**BRIEF**: Repeat the listing that follows exactly. Pictures are not part of the copy.

**GIVEN DATA**:
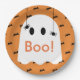 Boo! Halloween Ghost & Bats Orange Paper Plate
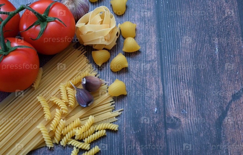 Различные макароны. Концепция приготовления пищи. Вид сверху
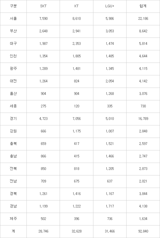 이외 지역과는 기지국 수 차이가 꽤 많이 납니다

**TASK SOLUTION**:
 Boo! Halloween Ghost & Bats Orange Paper Plate
 Различные макароны. Концепция приготовления пищи. Вид сверху
 이외 지역과는 기지국 수 차이가 꽤 많이 납니다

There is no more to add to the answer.